Center for Robotic Simulation & Education, Catherine & Joseph Aresty Department of Urology, USC Institute of Urology, University of Southern California, Los Angeles, California.
J Urol. 2021 Jan;205(1):271-275. doi: 10.1097/JU.0000000000001328. Epub 2020 Aug 18.
Deconstruction of robotic surgical gestures into semantic vocabulary yields an effective tool for surgical education. In this study we disassembled tissue dissection into basic gestures, created a classification system, and showed its ability to distinguish between experts and novices.
Videos of renal hilum preparation during robotic assisted partial nephrectomies were manually reviewed to identify all discrete surgical movements. Identified dissection movements were classified into distinct gestures based on the consensus of 6 expert surgeons. This classification system was then employed to compare expert and novice dissection patterns during the renal hilum preparation.

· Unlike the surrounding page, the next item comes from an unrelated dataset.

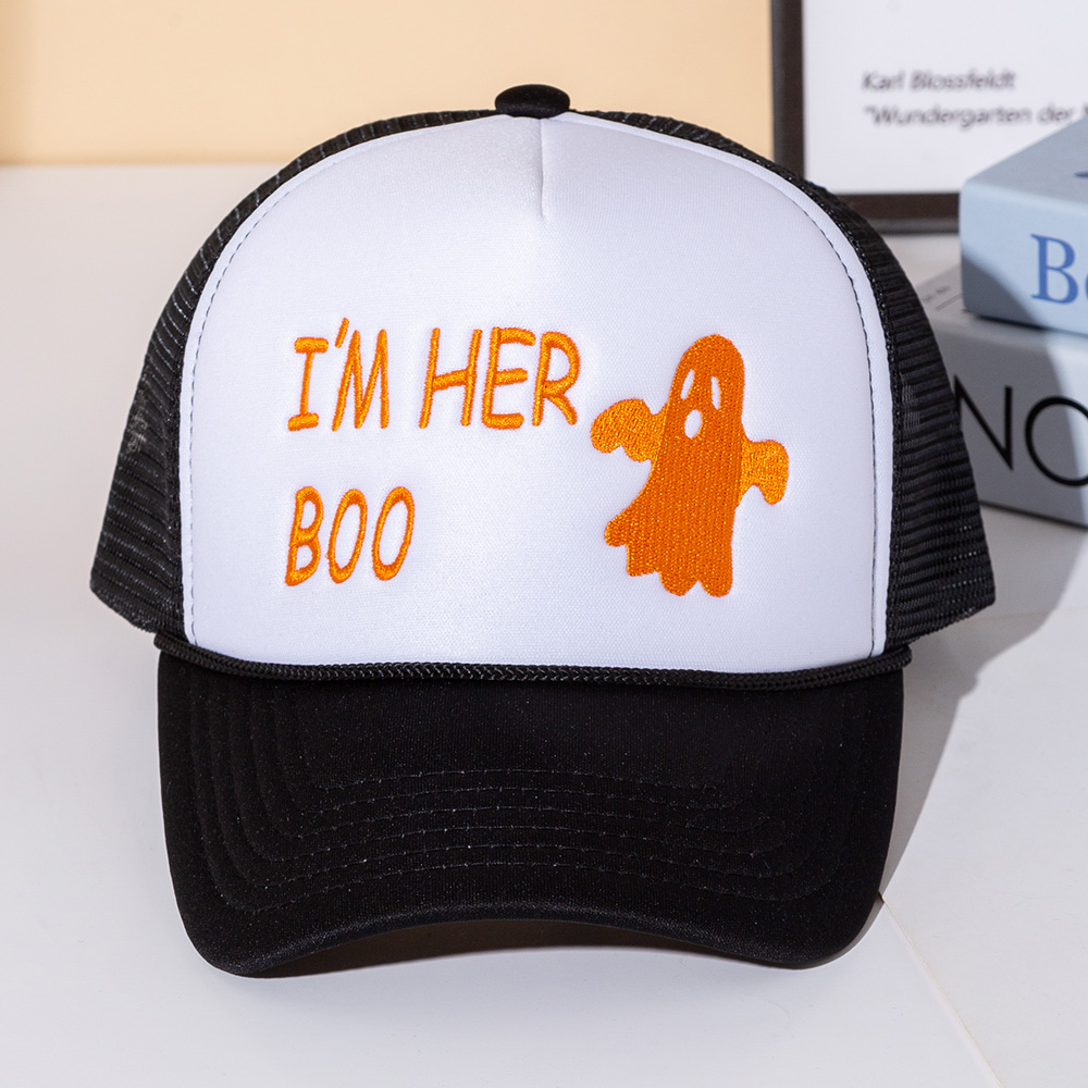 • Halloween trucker cap with embroidered “I’M HER BOO” and ghost design, perfect for spooky season fun. Lightweight with breathable mesh back, this adjustable novelty hat makes a festive couple’s accessory, party gift, or casual statement piece for October outfits, trick-or-treating, or themed events.

A total of 40 robotic renal hilum preparation videos were reviewed, representing 16 from 6 expert surgeons (100 or more robotic cases) and 24 from 13 novice surgeons (fewer than 100 robotic cases). Overall 9,819 surgical movements were identified, including 5,667 dissection movements and 4,152 supporting movements. Nine distinct dissection gestures were identified and classified into the 3 categories of single blunt dissection (spread, peel/push, hook), single sharp dissection (cold cut, hot cut and burn dissect) and combination gestures (pedicalize, 2-hand spread, and coagulate then cut). Experts completed 5 of 9 dissection gestures more efficiently than novices (p ≤0.033). In consideration of specific anatomical locations, experts used more peel/push and less hot cut while dissecting the renal vein (p <0.001), and used more pedicalize while dissecting the renal artery (p <0.001).
Using this novel dissection gesture classification system, key differences in dissection patterns can be found between experts/novices. This comprehensive classification of dissection gestures may be broadly applied to streamline surgical education.
将机器人手术动作分解为语义词汇,为手术教学提供了一种有效的工具。本研究将组织解剖分解为基本动作,创建了一个分类系统,并展示了其区分专家和新手的能力。
对机器人辅助部分肾切除术的肾门准备过程中的视频进行手动审查,以识别所有离散的手术动作。根据 6 名专家外科医生的共识,将识别出的解剖动作分类为不同的动作。然后,该分类系统被用于比较肾门准备期间专家和新手的解剖模式。
共回顾了 40 个机器人肾门准备视频,包括 6 名专家外科医生(100 例以上机器人手术)的 16 个视频和 13 名新手外科医生(100 例以下机器人手术)的 24 个视频。共识别出 9819 个手术动作,包括 5667 个解剖动作和 4152 个辅助动作。确定了 9 种不同的解剖动作,并将其分为 3 类:单钝性解剖(展开、剥离/推、钩)、单锐性解剖(冷切、热切和烧伤解剖)和组合动作(pedicalize、2 手展开、凝结后切割)。专家完成 9 个解剖动作中的 5 个比新手更有效(p≤0.033)。考虑到特定的解剖位置,专家在解剖肾静脉时使用更多的剥离/推,而较少使用热切(p<0.001),在解剖肾动脉时使用更多的 pedicalize(p<0.001)。
使用这种新的解剖动作分类系统,可以发现专家/新手之间在解剖模式上的关键差异。这种解剖动作的综合分类可能广泛应用于简化手术教学。